This is an important and optimistic book, and the fact that it has been published by a major secular publishing house perhaps bears out the author’s thesis that Western culture is ripe for a major spiritual revival.

On one level, After Ideology is another statement of the now familiar “bankruptcy of secular liberalism” idea that has been current for a long time. David Walsh, who is a professor of political thought at the Catholic University of America, argues persuasively that liberalism, by weakening the moral basis of humanity, has undercut its own foundation. Liberalism asserts an expanding list of personal “rights” without being able to state why such rights are important, and whence they derive. At the same time as it attempts to expand the scope of “human dignity,” liberalism also moves with equal determination to deny or “demythologize” traditional beliefs about the spiritual nature of humanity, which alone make that dignity possible.

In Walsh’s view, the gap between democratic liberalism and totalitarianism is by no means as wide as is conventionally thought, since both deny fundamental spiritual reality. But Walsh thinks that most statements of this dilemma, such as Alasdair MacIntyre’s After Virtue, fall short because they make merely theoretical statements of the problem, asserting premises that do not persuade the skeptic. What is needed now is a breakthrough to a “primal existential experience” that will reveal these truths in a new and powerful way. Walsh is emphatically not granting experience itself the ultimate authority. He argues for an act of faith in “traditional symbols,” including theological doctrines, but also for an attempt to penetrate to the formative experience that first brought those symbols into being. Fyodor Dostoyevsky’s last-minute reprieve on the scaffold and Aleksandr Solzhenitsyn’s life in the gulag are, he believes, prime instances of such experiences. Dostoyevsky and Solzhenitsyn are, of course, Russian Christians, but Walsh also considers the agnostic (atheist?) Albert Camus and the religiously ambivalent Eric Voegelin, in particular showing how Camus’ existentialism led to a confrontation with the ultimate religious questions, and to a revelation of the final absurdity of purely secular answers.

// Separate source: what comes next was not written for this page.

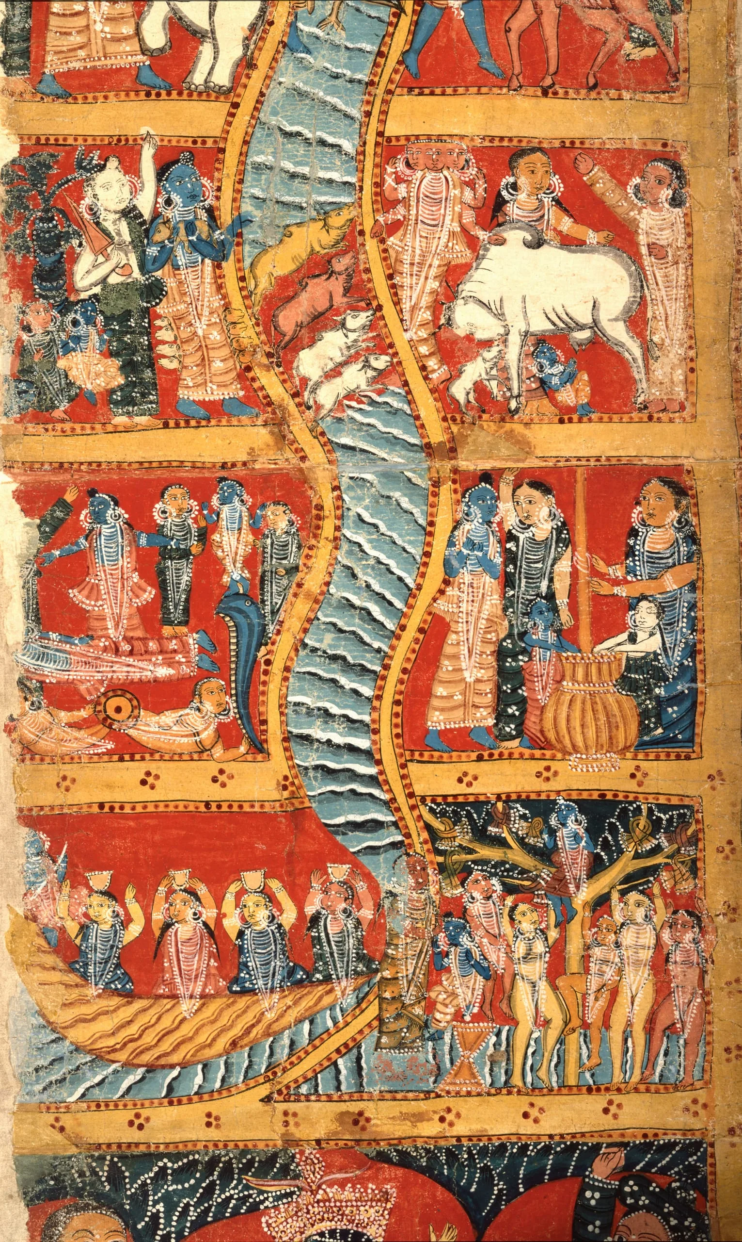 8. Left: Krishna ferries the gopis (milkmaids) to market and flirts with them.

Inevitably, Walsh makes much of the collapse of secular utopianism in our time, and thus by implication of all ideologies of complete human autonomy and self-fulfillment. What is needed now is a “catharsis” from modernity, in which errors recognized as such at the intellectual level are purged from the Western soul. Some of the argument is at least questionable in its historical dimension, especially the attempt to trace modern utopianism to Renaissance humanism. On the whole, however, it is a powerful and compelling book. Its chief weakness, ironically, may be that it necessarily partakes of that same abstract quality that Walsh criticizes in thinkers like MacIntyre.

For modernity as it now exists cannot be treated simply as a derivation from a series of major thinkers such as Marx and Nietzsche. Popular culture, possessing at best only a very indirect relationship to philosophy, now has a life of its own to a degree that was perhaps never true at any time in the past. Spiro Agnew spoke of the “silent majority,” and as late as about 1970 it was still possible to regard popular culture as essentially conservative, a bulwark of resistance to intellectual and moral changes fostered by various elites. That is no longer the case and, to the degree that intellectuals sober up and contemplate the loss of spiritual rootedness, they may find that “the masses” have little interest in, or sympathy with, such a revival.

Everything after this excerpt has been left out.